Listed records:
----

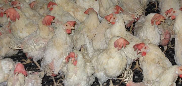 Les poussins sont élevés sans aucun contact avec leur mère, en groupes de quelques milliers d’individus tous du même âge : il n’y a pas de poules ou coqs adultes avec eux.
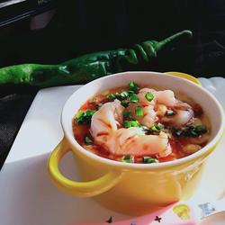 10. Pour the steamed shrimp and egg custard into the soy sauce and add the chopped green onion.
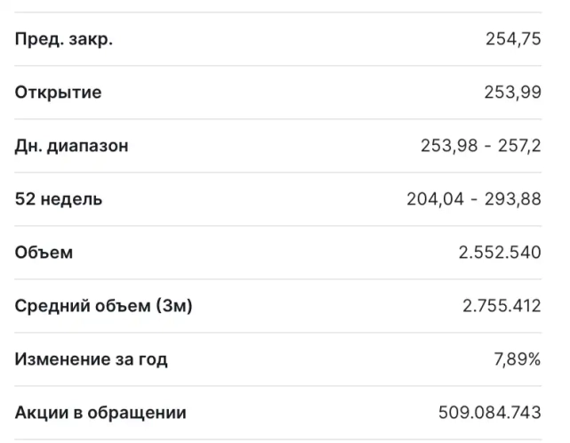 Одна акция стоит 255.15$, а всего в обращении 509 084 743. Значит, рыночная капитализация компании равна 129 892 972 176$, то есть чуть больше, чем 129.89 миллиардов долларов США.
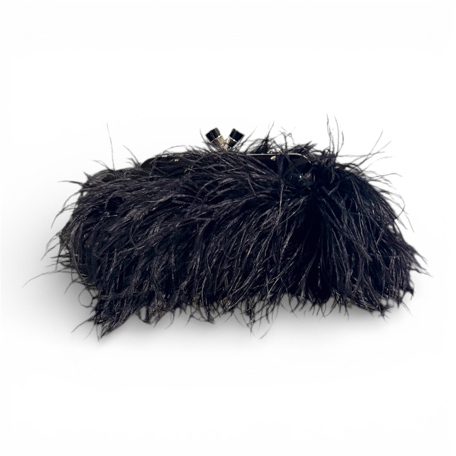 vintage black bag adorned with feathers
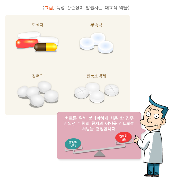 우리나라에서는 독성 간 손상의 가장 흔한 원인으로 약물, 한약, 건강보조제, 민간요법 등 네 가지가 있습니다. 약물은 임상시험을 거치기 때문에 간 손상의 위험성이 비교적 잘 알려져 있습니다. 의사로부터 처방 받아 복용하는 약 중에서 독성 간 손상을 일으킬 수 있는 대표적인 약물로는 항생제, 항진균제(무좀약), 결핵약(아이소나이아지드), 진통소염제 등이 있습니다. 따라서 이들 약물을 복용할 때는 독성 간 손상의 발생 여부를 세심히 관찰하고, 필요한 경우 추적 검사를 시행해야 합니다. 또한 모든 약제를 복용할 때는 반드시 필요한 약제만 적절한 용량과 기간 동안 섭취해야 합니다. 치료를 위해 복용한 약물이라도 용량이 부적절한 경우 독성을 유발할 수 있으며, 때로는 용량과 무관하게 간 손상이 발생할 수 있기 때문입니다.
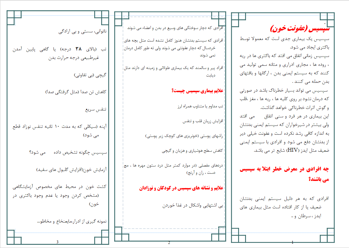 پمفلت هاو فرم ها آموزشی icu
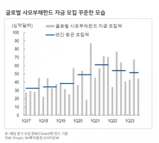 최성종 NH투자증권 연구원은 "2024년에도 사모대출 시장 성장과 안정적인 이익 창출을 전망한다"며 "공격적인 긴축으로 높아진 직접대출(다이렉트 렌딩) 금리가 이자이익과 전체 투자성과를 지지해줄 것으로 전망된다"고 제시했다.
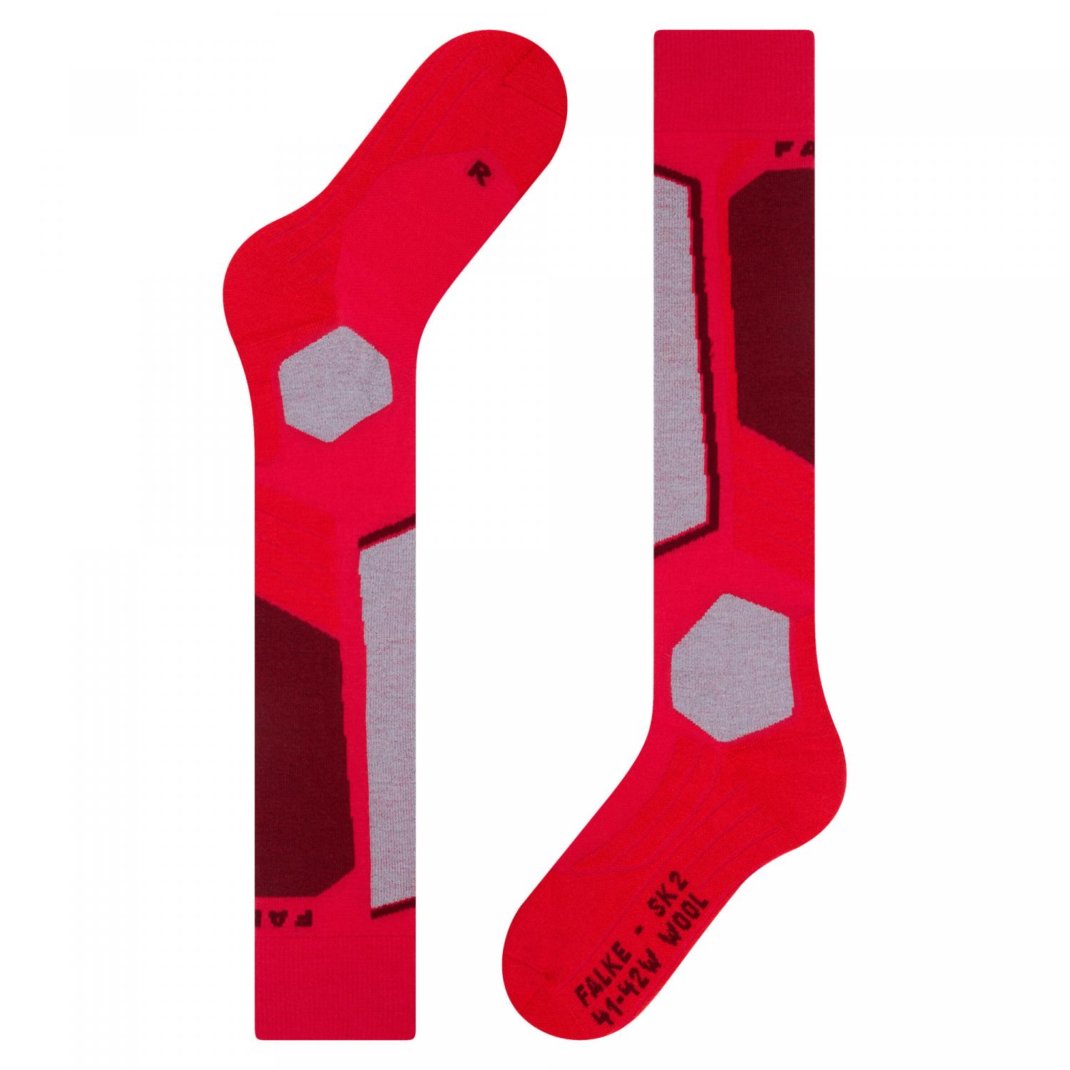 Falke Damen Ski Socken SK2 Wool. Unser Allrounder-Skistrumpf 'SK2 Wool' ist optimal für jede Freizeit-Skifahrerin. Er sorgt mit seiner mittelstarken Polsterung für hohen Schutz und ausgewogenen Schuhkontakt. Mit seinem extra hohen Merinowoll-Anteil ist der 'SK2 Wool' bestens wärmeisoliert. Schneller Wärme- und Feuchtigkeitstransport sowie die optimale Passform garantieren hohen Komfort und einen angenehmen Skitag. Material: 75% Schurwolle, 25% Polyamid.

----

What you are asked to do:
The copy must match the listing above exactly but contain no pictures.

Solution to the problem:
 Les poussins sont élevés sans aucun contact avec leur mère, en groupes de quelques milliers d’individus tous du même âge : il n’y a pas de poules ou coqs adultes avec eux.
 10. Pour the steamed shrimp and egg custard into the soy sauce and add the chopped green onion.
 Одна акция стоит 255.15$, а всего в обращении 509 084 743. Значит, рыночная капитализация компании равна 129 892 972 176$, то есть чуть больше, чем 129.89 миллиардов долларов США.
 vintage black bag adorned with feathers
 우리나라에서는 독성 간 손상의 가장 흔한 원인으로 약물, 한약, 건강보조제, 민간요법 등 네 가지가 있습니다. 약물은 임상시험을 거치기 때문에 간 손상의 위험성이 비교적 잘 알려져 있습니다. 의사로부터 처방 받아 복용하는 약 중에서 독성 간 손상을 일으킬 수 있는 대표적인 약물로는 항생제, 항진균제(무좀약), 결핵약(아이소나이아지드), 진통소염제 등이 있습니다. 따라서 이들 약물을 복용할 때는 독성 간 손상의 발생 여부를 세심히 관찰하고, 필요한 경우 추적 검사를 시행해야 합니다. 또한 모든 약제를 복용할 때는 반드시 필요한 약제만 적절한 용량과 기간 동안 섭취해야 합니다. 치료를 위해 복용한 약물이라도 용량이 부적절한 경우 독성을 유발할 수 있으며, 때로는 용량과 무관하게 간 손상이 발생할 수 있기 때문입니다.
 پمفلت هاو فرم ها آموزشی icu
 최성종 NH투자증권 연구원은 "2024년에도 사모대출 시장 성장과 안정적인 이익 창출을 전망한다"며 "공격적인 긴축으로 높아진 직접대출(다이렉트 렌딩) 금리가 이자이익과 전체 투자성과를 지지해줄 것으로 전망된다"고 제시했다.
 Falke Damen Ski Socken SK2 Wool. Unser Allrounder-Skistrumpf 'SK2 Wool' ist optimal für jede Freizeit-Skifahrerin. Er sorgt mit seiner mittelstarken Polsterung für hohen Schutz und ausgewogenen Schuhkontakt. Mit seinem extra hohen Merinowoll-Anteil ist der 'SK2 Wool' bestens wärmeisoliert. Schneller Wärme- und Feuchtigkeitstransport sowie die optimale Passform garantieren hohen Komfort und einen angenehmen Skitag. Material: 75% Schurwolle, 25% Polyamid.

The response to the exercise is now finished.